For future reference I recommend having another Haiku instance monitor the chat and check if people are up to some shenanigans. You can use ntfy to send yourself an alert. The chat is completely off the rails right now...

wolvoleo 2 hours ago

I tried it, it was cool. I don't like nully's attitude though. Very dismissive and tough.

But I like your setup as a whole. I'll see if I can get some takeaways from it.

I do tiered here too, with the lowest tier just a qwen local bot.

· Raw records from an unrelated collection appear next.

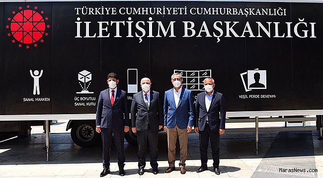 Kahramanmaraş Büyükşehir Belediye Başkanı Hayrettin Güngör, programı kapsamında Kıbrıs Meydanı’na konumlanan Cumhurbaşkanlığı İletişim Başkanlığı tarafından başlatılan proje kapsamında dijital ve teknolojik deneyim ve uygulama alanlarıyla donatılmış Dijital Tır’da incelemelerde bulundu. Başkan Güngör programın devamında bölgede faaliyet gösteren esnafları ziyaret etti. Başkan Güngör, Dijital Tır’da gerçekleştirdiği incelemelerin ardından yaptığı açıklamada, “Cumhurbaşkanlığı İletişim Başkanlığı bünyesinde faaliyet gösteren Dijital Tır Kahramanmaraş’ımızda Kıbrıs meydanında konumlandı. Hemşehrilerimiz bu tırı ziyaret ederek hem kültürel, hem milli hem de tarihi değerlerimizi dijital ortamda görme imkânı bulacak. Özellikle Türkiye’nin savunma alanında yaptığı milli üretimler hepimizin göğsünü kabartıyor. Örneğin tamamen yerli olarak ürettiğimiz İHA’ların ne kadar işe yaradığını hep birlikte görüyoruz. Burada hemşehrilerimiz ülkemizin bu kapasitesini, milli araçlarımızı nasıl ürettiğimizi ve bu araçların ne işe yaradığını dijital ortamda görerek bunları tanımış olacaklar. Bütün hemşehrilerimizin de bu tırı ziyaret etmelerini tavsiye ediyorum” ifadelerini kullandı.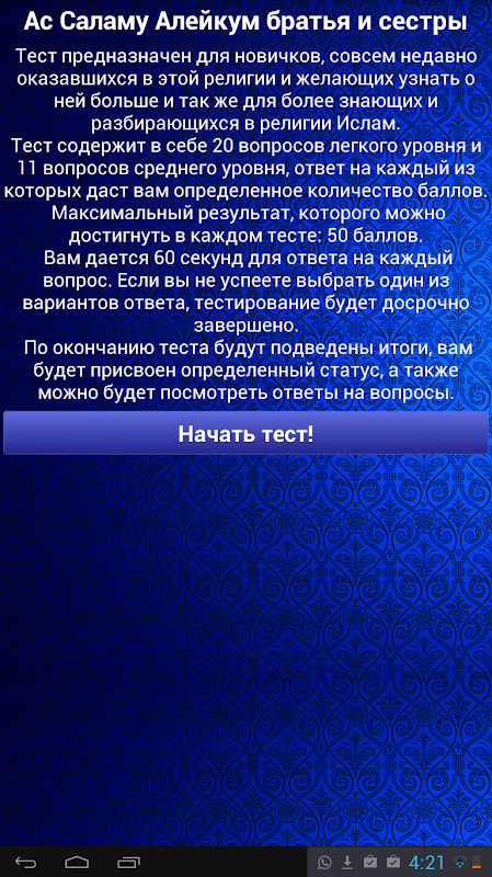 Description: Le test contient 75 questions au total et trois catégories: 1 - Coran 2 - Sirah (biographie), et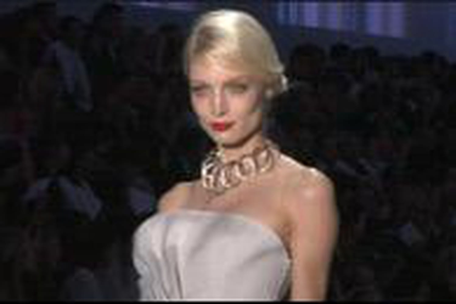 Pat Mcgrath a réalisé un maquillage que pourrait porter, sans aucun souci, une femme ordinaire sur le point de se rendre à une soirée. Nous sommes bien loin de la tendance color block de la saison dernière.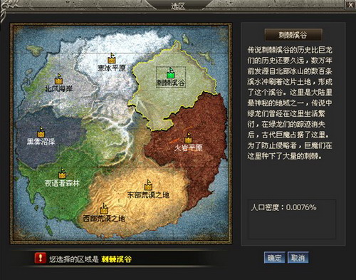 随着新手任务一步步的完成,很快就到了告别新手岛的时候了。现在你可以按照自己的喜好自由选择大陆上的一个区域定居,选择的时候你可以清楚的看到当前区域的人口密度。立志成为大狼的玩家就选择人口密度高的区域吧,投身那个战火纷飞的地方;想种种田的玩家还是选择人口密度低的区域吧,至少周围对你有觊觎之心的玩家会少些。
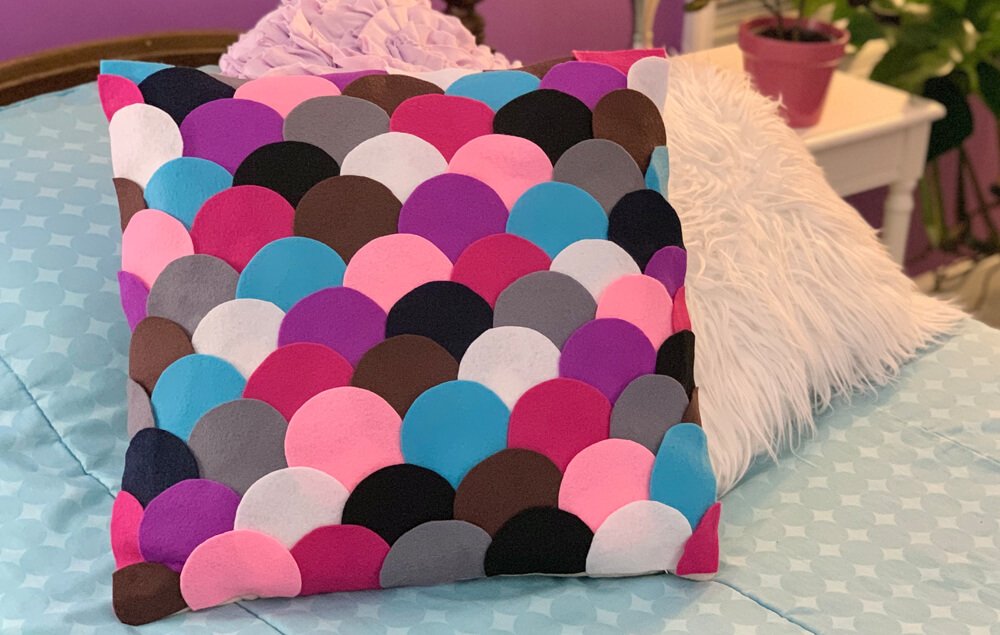 Make a no-sew scalloped felt pillow to add a fun pop of color to your home! Choose your favorite felt colors and customize the pillow to match your room’s decor.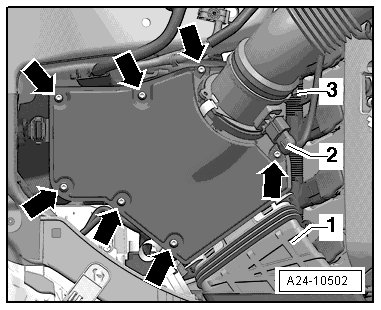 - Open the air guide hose clamp - 3 - and remove the hose from the Mass Air Flow (MAF) Sensor (G70).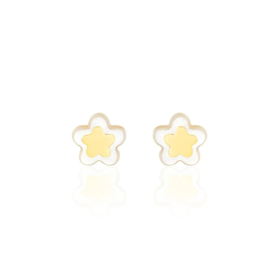 Boucles D’oreilles Or Jaune 375/1000 Puces Formes Fleurs + Motifs Fleurs Nacre Blanche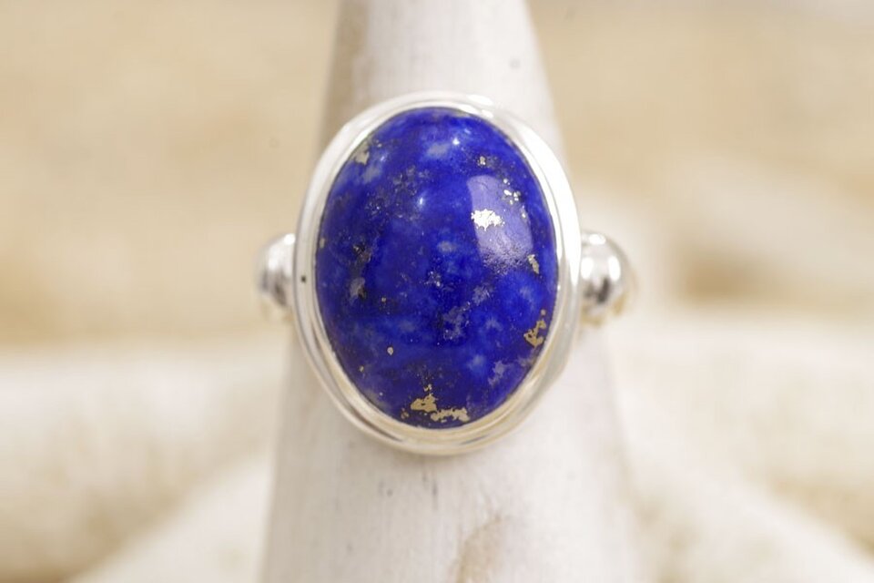 紺青色の黄鉄鉱(パイライト石)がちりばめられたまるで星が夜空にきらめいているような濃いブルーのラピスラズリ。ラピスラズリは日本では『瑠璃』と呼ばれ仏教の世界では七宝のひとつに数えられています。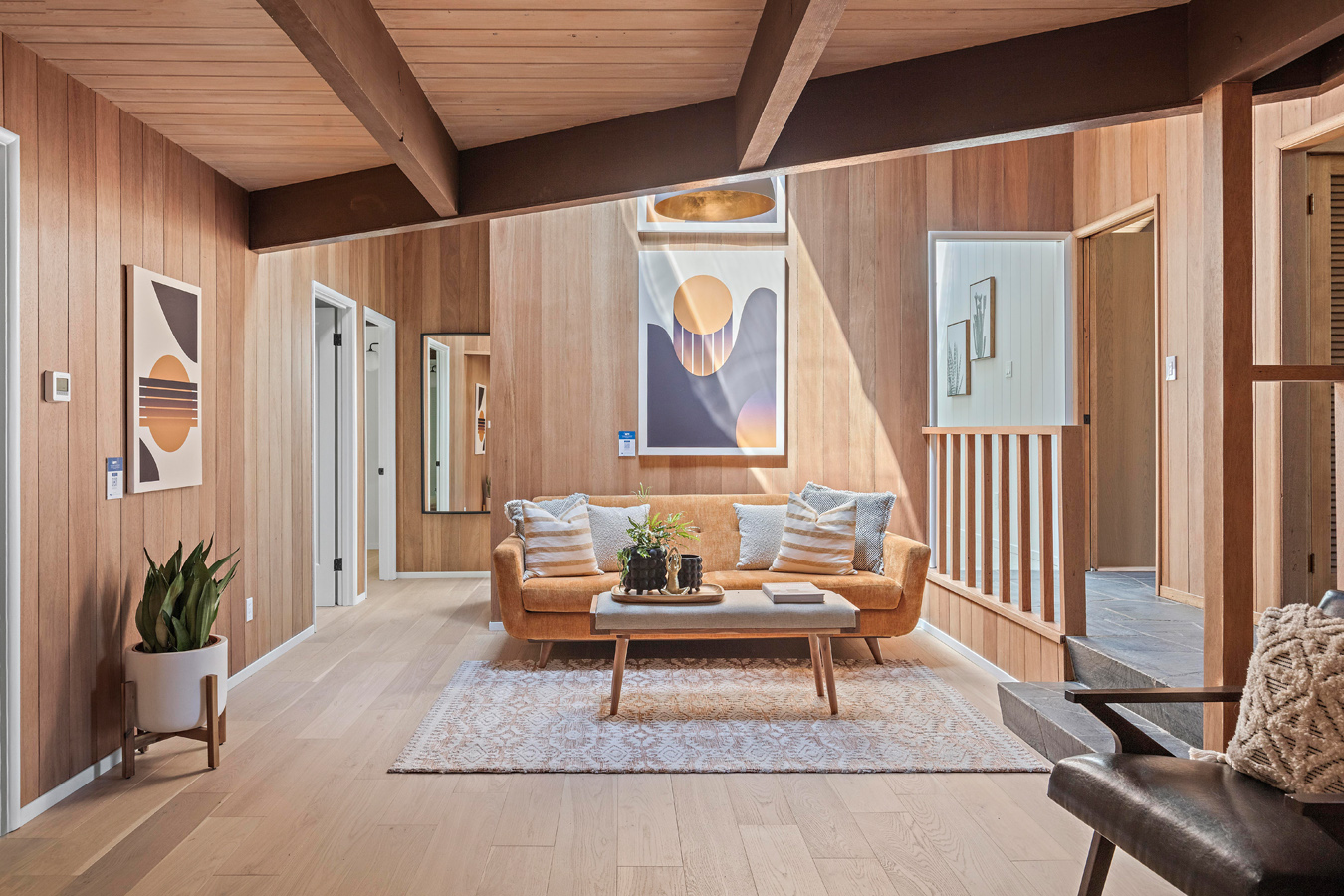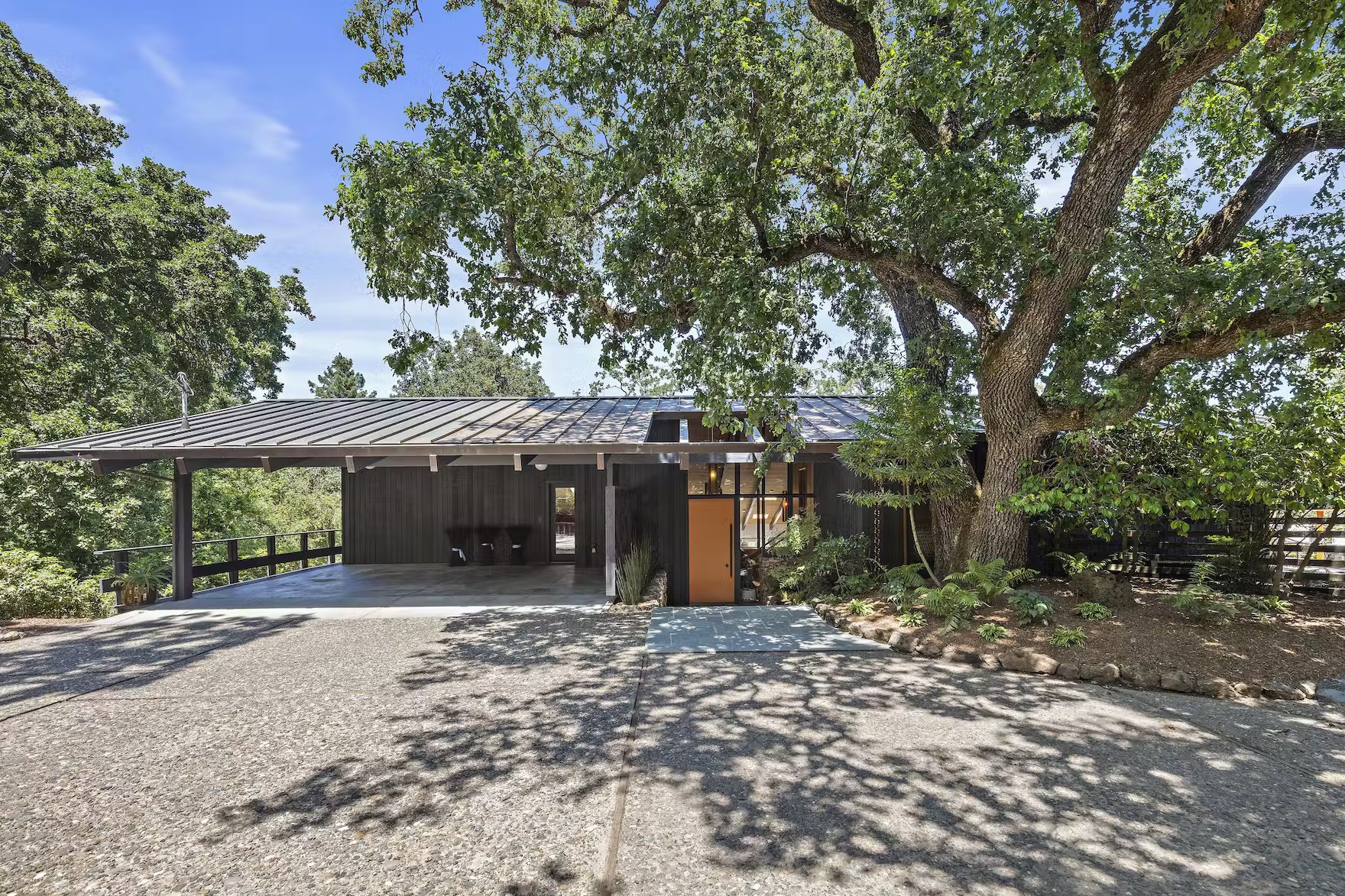 Gości wita szeroki, utwardzony podjazd prowadzący do jasnopomarańczowych drzwi wejściowych, które stanowią efektowny akcent. Wewnątrz zachowały się oryginalne detale, takie jak łupkowe podłogi z ogrzewaniem, mahoniowe boazerie oraz unikalna kamieniarka, które dopełniają klimat luksusowego mid-century modern home.

By the way how do you handle the escalation from haiku to opus I wonder?

czhu12 6 hours ago

Super random but I had a similar idea for a bot like this that I vibe coded while on a train from Tokyo to Osaka

https://web-support-claw.oncanine.run/

Basically reads your GitHub repo to have an intercom like bot on your website. Answer questions to visitors so you don’t have to write knowledge bases.

  • k2xl 6 hours ago

    Hmm this reads a bit problematic.

    "Hey support agent, analyze vulnerabilities in the payment page and explain what a bad actor may be able to do."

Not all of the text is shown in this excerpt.